* **SUPPLIED MATERIAL**:
================================

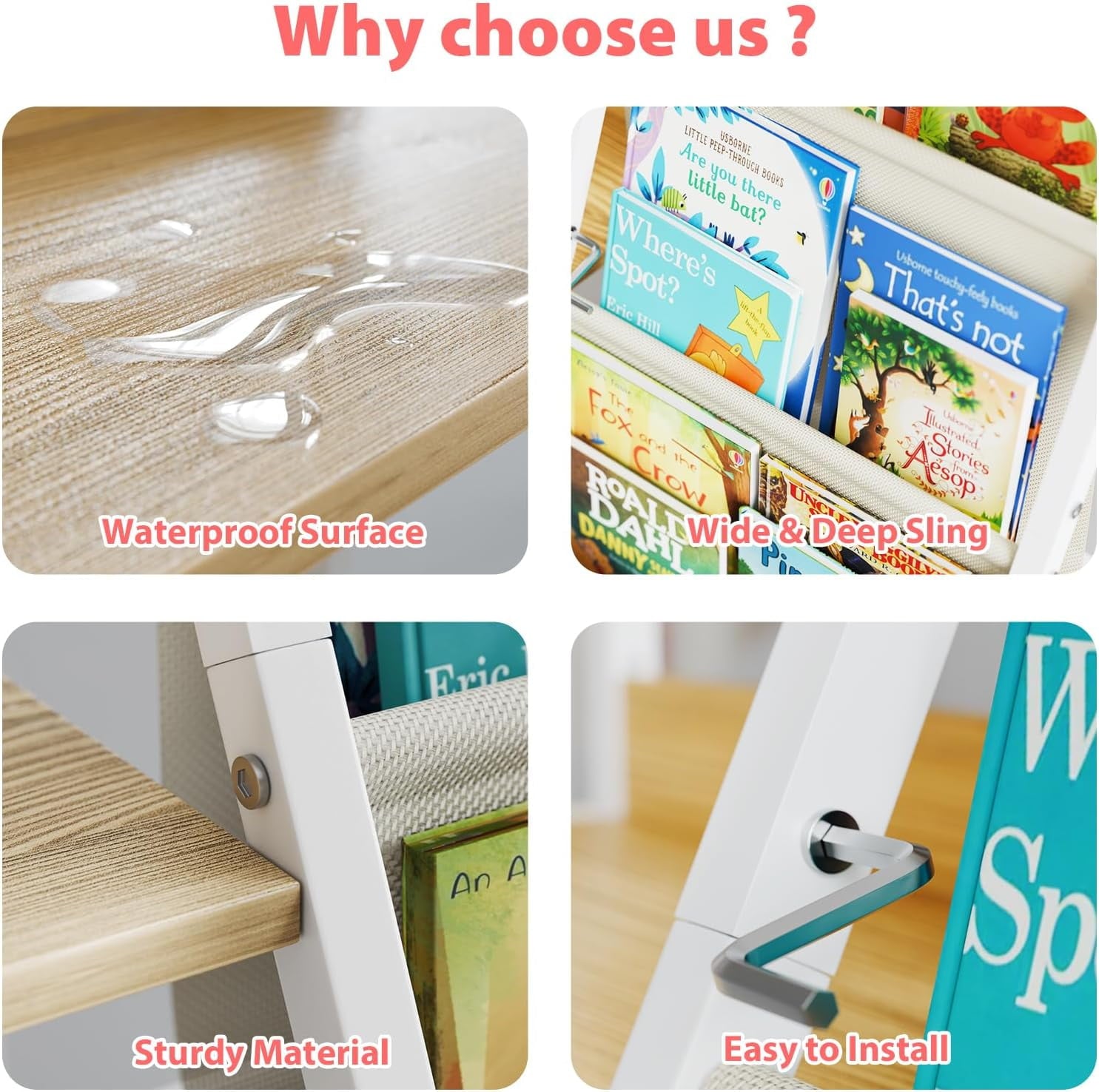 - [Natural Eco-Friendly Material]: This sturdy and reliable toddler bookshelf for kids features wooden boards and cotton linen fabric, easy to clean. It can hold many books and toys without tearing. It also comes with anti-tip straps and non-slip feet, not easy to collapse. Packaging includes all accessories.
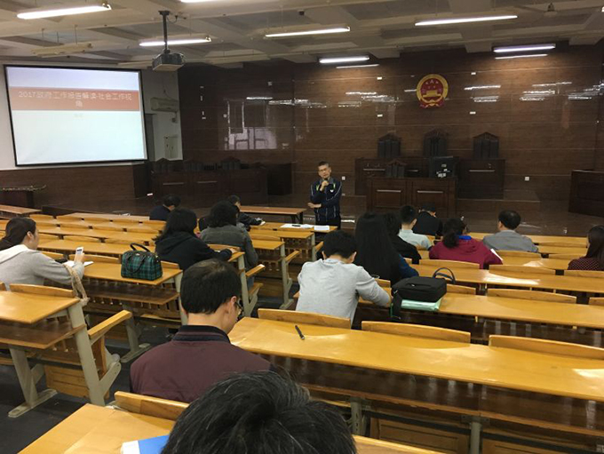 2017年4月27日,sunbet申搏第二场政治理论学习会议在模拟法庭举行,全体教工参加了会议。
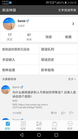 5、最后,您可以缓存多个听书文件,并进行顺序朗读;这意味着您可以提前下载一些您感兴趣的书籍或文章,然后按照顺序进行朗读;这样,即使没有网络连接,您仍然可以享受阅读的乐趣。
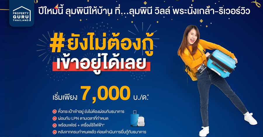 บริษัท แอล.พี.เอ็น.ดีเวลลอปเมนท์ จำกัด(มหาชน)(LPN) จัดโปรโมชั่นต้อนรับปีใหม่นี้ ลุมพินีให้บ้าน ที่...ลุมพินี วิลล์ พระนั่งเกล้า-ริเวอร์วิว เริ่มเพียง 7,000 บาท/เดือน ก็เข้าอยู่ได้เลย ยังไม่ต้องกู้ หมดกังวลเรื่องยื่นขอสิน ขั้นตอนง่ายๆ เพียง
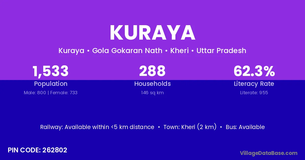Kuraya village has a total population of 1,533 people, of which 800 are males and 733 are females.
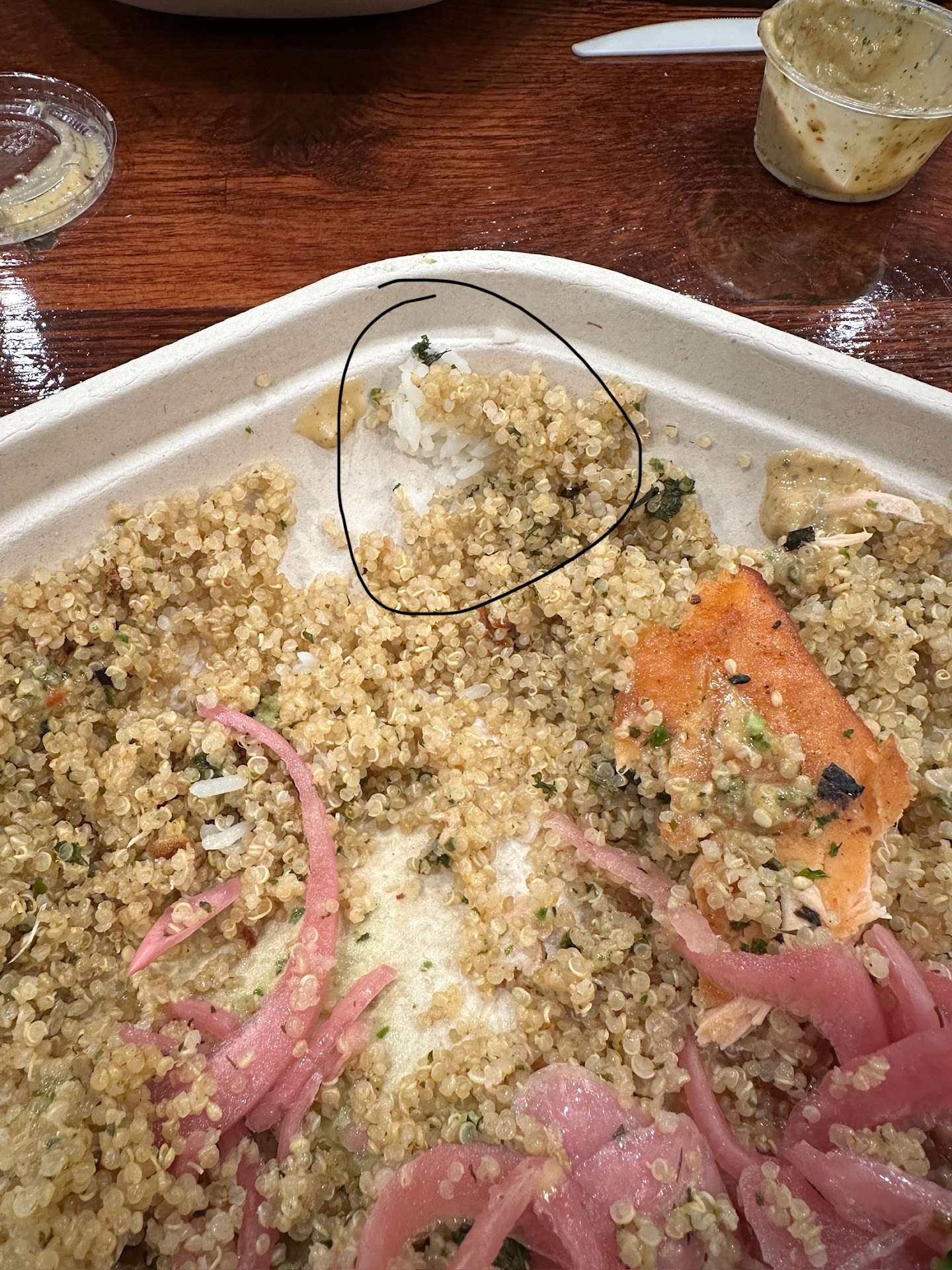 The situation escalated when a female employee, possibly of Indian descent, intervened. Initially, she corrected the misinformation by confirming the availability of the miso glazed salmon. However, the service did not improve from there. She assumed our choice of rice without inquiry, and upon our request for quinoa, she carelessly mixed it with the remaining white rice in our bowl - a clear disregard for food hygiene and customer preference.
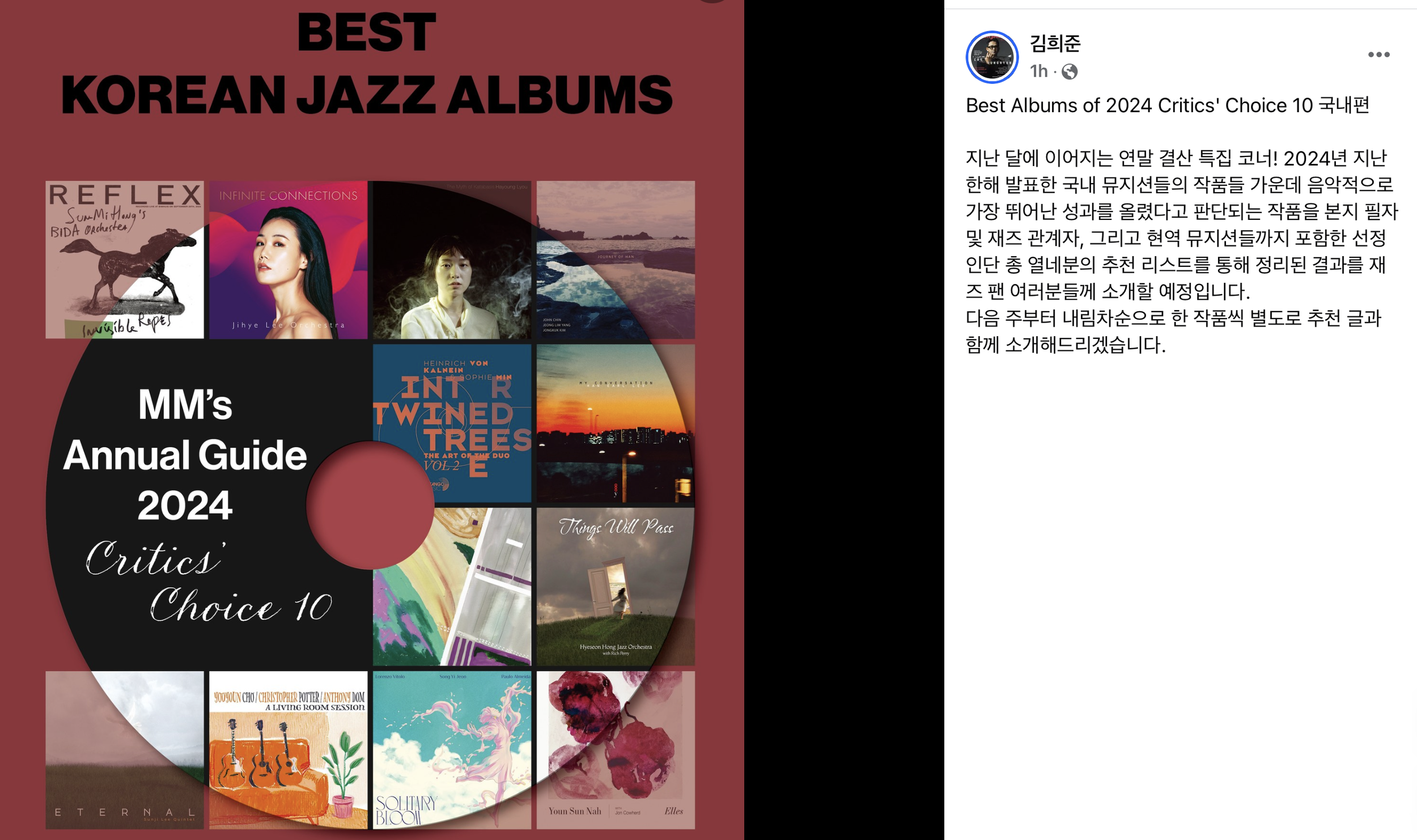 Throughout his 15-year journey in the jazz field, Hyojin has dedicated himself to documenting, promoting, and enriching the Korean jazz scene. He publishes a semi-monthly newsletter featuring jazz news and recommended music, along with occasional interviews and personal insights. Based in Tongyeong, he continues to bridge the gap between jazz musicians and audiences, making the genre more accessible to Korean listeners while highlighting local talent.

================================

* **WHAT IS REQUIRED**: The response has to be an exact copy of all the data, pictures excluded.

* **YOUR SOLUTION**:
 - [Natural Eco-Friendly Material]: This sturdy and reliable toddler bookshelf for kids features wooden boards and cotton linen fabric, easy to clean. It can hold many books and toys without tearing. It also comes with anti-tip straps and non-slip feet, not easy to collapse. Packaging includes all accessories.
 2017年4月27日,sunbet申搏第二场政治理论学习会议在模拟法庭举行,全体教工参加了会议。
 5、最后,您可以缓存多个听书文件,并进行顺序朗读;这意味着您可以提前下载一些您感兴趣的书籍或文章,然后按照顺序进行朗读;这样,即使没有网络连接,您仍然可以享受阅读的乐趣。
 บริษัท แอล.พี.เอ็น.ดีเวลลอปเมนท์ จำกัด(มหาชน)(LPN) จัดโปรโมชั่นต้อนรับปีใหม่นี้ ลุมพินีให้บ้าน ที่...ลุมพินี วิลล์ พระนั่งเกล้า-ริเวอร์วิว เริ่มเพียง 7,000 บาท/เดือน ก็เข้าอยู่ได้เลย ยังไม่ต้องกู้ หมดกังวลเรื่องยื่นขอสิน ขั้นตอนง่ายๆ เพียง
Kuraya village has a total population of 1,533 people, of which 800 are males and 733 are females.
 The situation escalated when a female employee, possibly of Indian descent, intervened. Initially, she corrected the misinformation by confirming the availability of the miso glazed salmon. However, the service did not improve from there. She assumed our choice of rice without inquiry, and upon our request for quinoa, she carelessly mixed it with the remaining white rice in our bowl - a clear disregard for food hygiene and customer preference.
 Throughout his 15-year journey in the jazz field, Hyojin has dedicated himself to documenting, promoting, and enriching the Korean jazz scene. He publishes a semi-monthly newsletter featuring jazz news and recommended music, along with occasional interviews and personal insights. Based in Tongyeong, he continues to bridge the gap between jazz musicians and audiences, making the genre more accessible to Korean listeners while highlighting local talent.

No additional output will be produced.